Dimension	Batch Computing	Streaming Computing	Incremental Computing
Design Goal	Throughput first	Freshness first	Flexible balance of throughput, freshness, and latency
Trigger Method	Active computation (scheduled triggers)	Passive computation (data-driven)	Active computation (supports scheduled + dependency-triggered + real-time triggered)
Compute Model	Full computation	Streaming computing model (a specialization of incremental)	General Incremental Computing model (GIC)
Storage Model	Static storage	Pipe pipeline data model (without full set)	Dynamic Data (supports full/incremental reads and writes)

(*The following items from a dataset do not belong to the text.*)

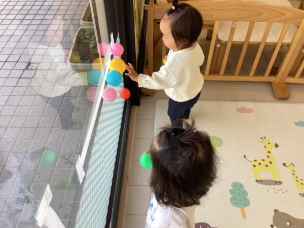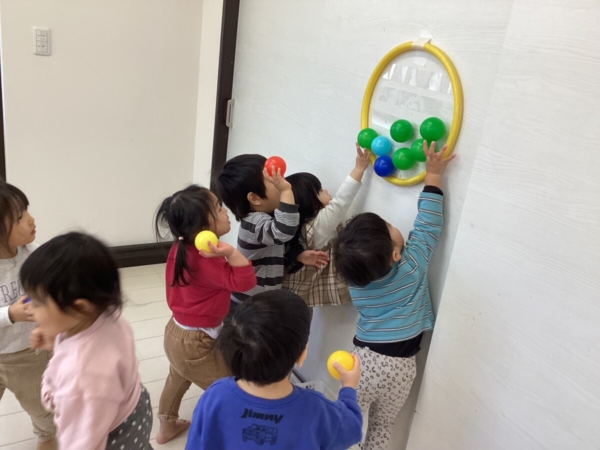 小さい風船をぎゅうっと握ったり、ポンポンと叩いてみたり楽しく遊ぶ子ども達(^-^)
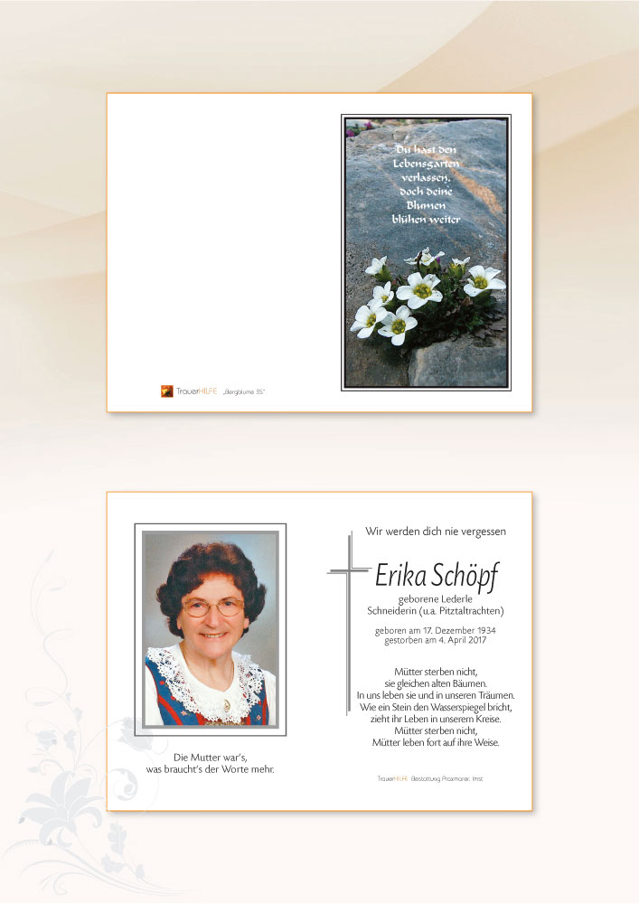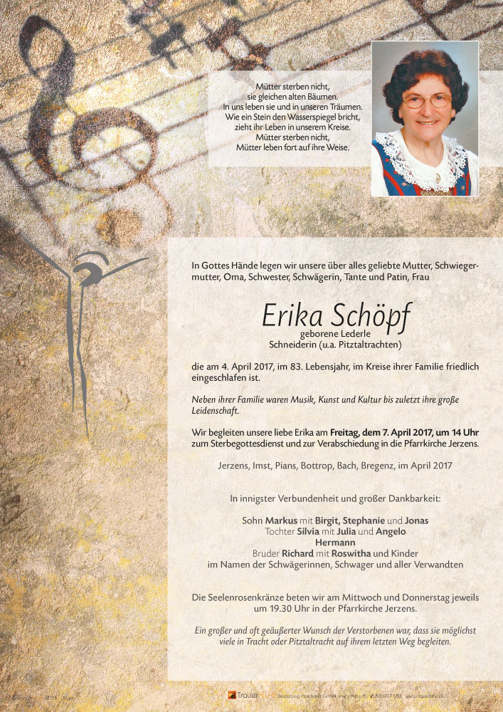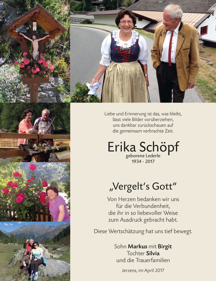 Wir haben Erika als eine lebensfrohe Frau kennen und lieben gelernt. Sie wird nicht nur in eurer Familie eine Lücke hinterlassen, sondern in eurem Pitztal, an vielen Stellen ihre Hilfsbereitschaft und Heimatverbundenheit vermissen.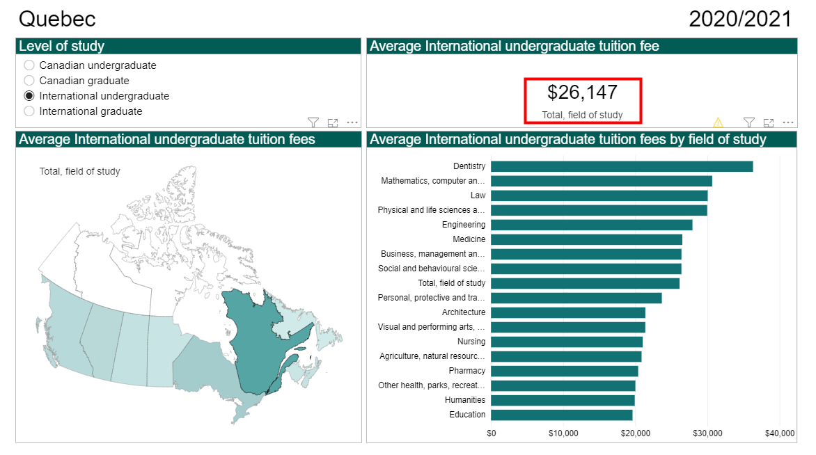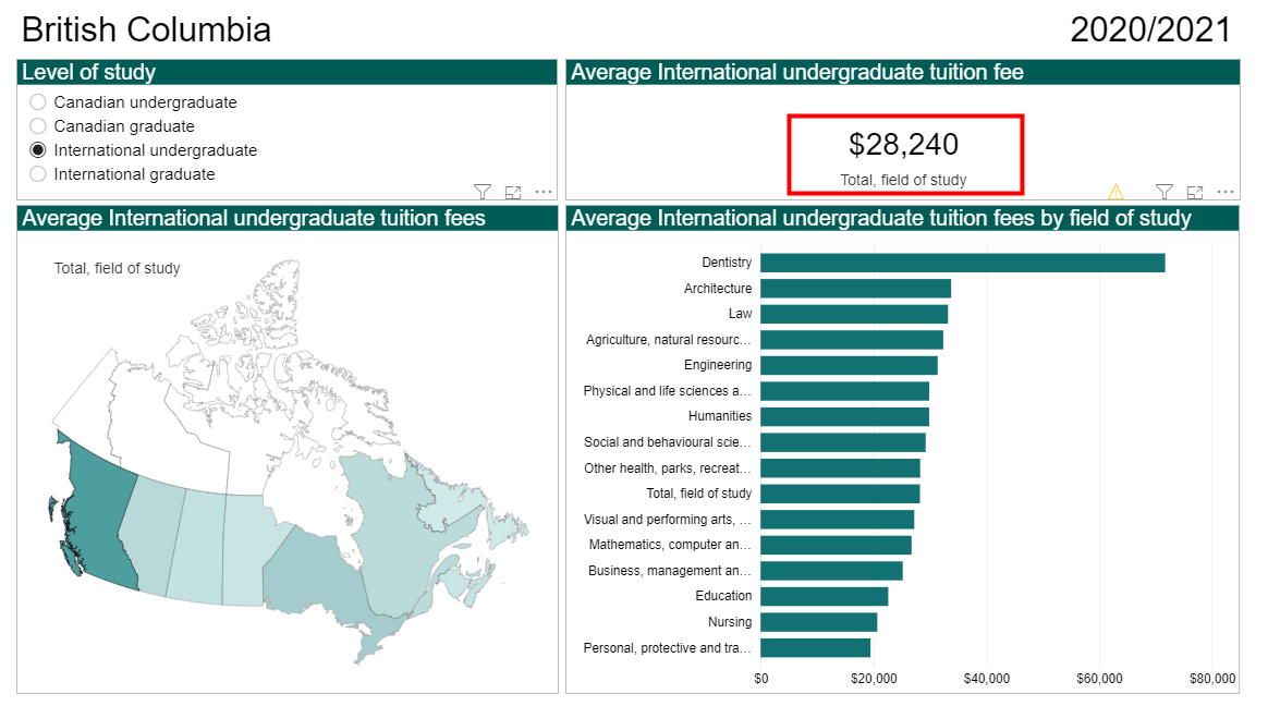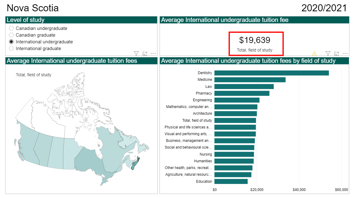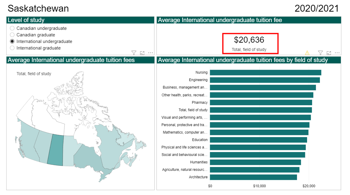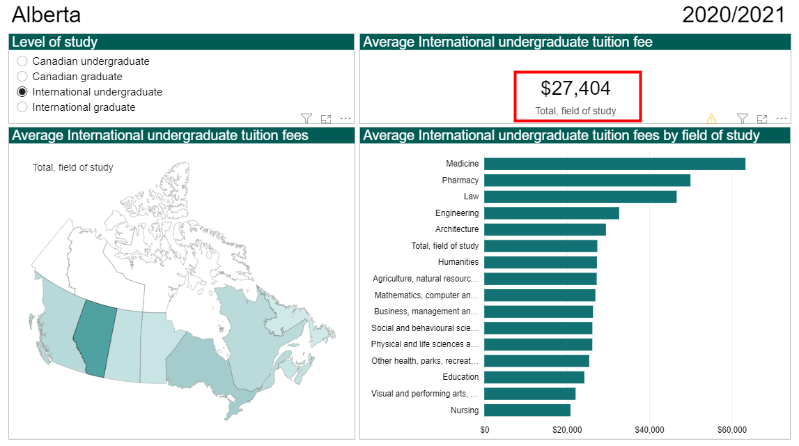 以下是加拿大全国各省和地区的本科/研究生留学生2020/2021的平均学费报告:

Data Modeling	Standard dimensional modeling (ODS/DWD/ADS)	None (pipeline mode, intermediate data not queryable)	Standard dimensional modeling (supports layering, intermediate data queryable)

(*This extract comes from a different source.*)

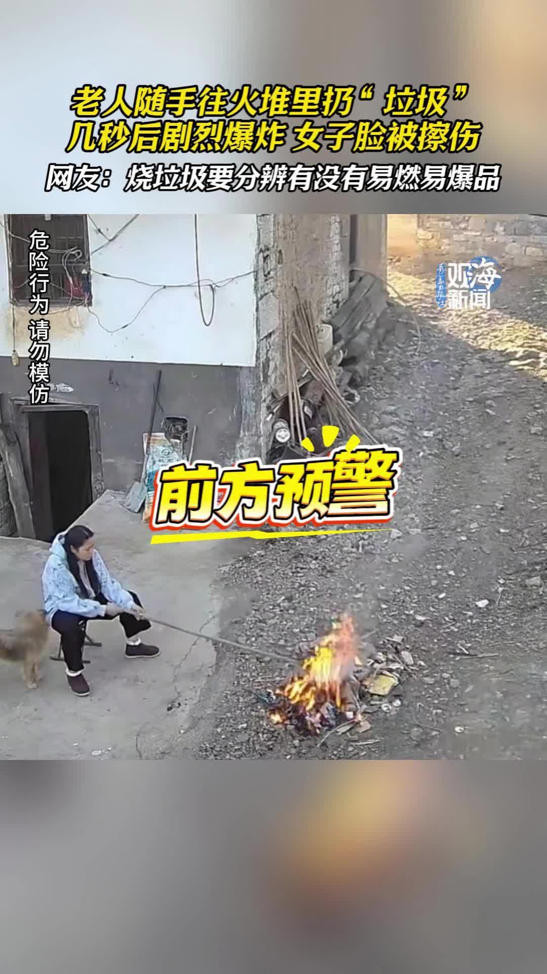 老人随手往火堆里扔“垃圾”,几秒后剧烈爆炸,女子脸被擦伤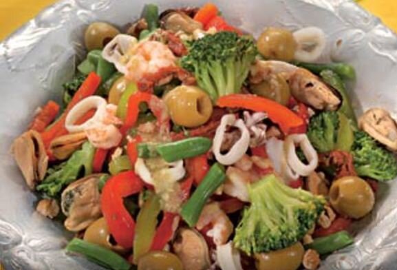Кипятим подсоленную воду, добавляем лимонный сок, высыпаем морепродукты и доводим до кипения и варим примерно 3-4 мин. Откидываем на дуршлаг и оставляем остывать. Стручки фасоли так же варим 5 минут и откидываем, после чего обжариваем в 1 ст.л. оливкового масла 3 минуты. Брокколи моем в холодной воде и делим на соцветия. В сотейнике кипятим подсоленную воду, добавляем брокколи и 1 ст.л. оливкового масла и варим примерно 3 минуты. Моем перец, выкладываем на противень и отправляем в духовку на 15 мин., она должна быть разогрета предварительно до 210 °С. Выкладываем, даём остыть и удаляем сердцевину и кожицу. Мякоть режим тонкими полосками. Для заправки в блендере взбиваем масло, перец, соль и лимонный сок. Выкладываем в салатницу брокколи, морепродукты, фасоль, перец и оливки. Раскладываем по тарелкам, посыпаем вялеными помидорами и грецкими орехами, поливаем заправкой.

Language Expression	Standard SQL + UDF	Non-standard SQL (requires EventTime, Watermark, etc.)	Standard SQL + UDF
Version Management	Supports MVCC	Not supported	Supports MVCC (version-based recomputation possible)
Retraction Handling	No such concept	Requires state storage to hold full data within window	Unified as a form of incremental data (incremental subtraction)

When to Choose Which?

• Choose Batch: One-time historical data loading, full repair, insensitive to latency (T+1 acceptable)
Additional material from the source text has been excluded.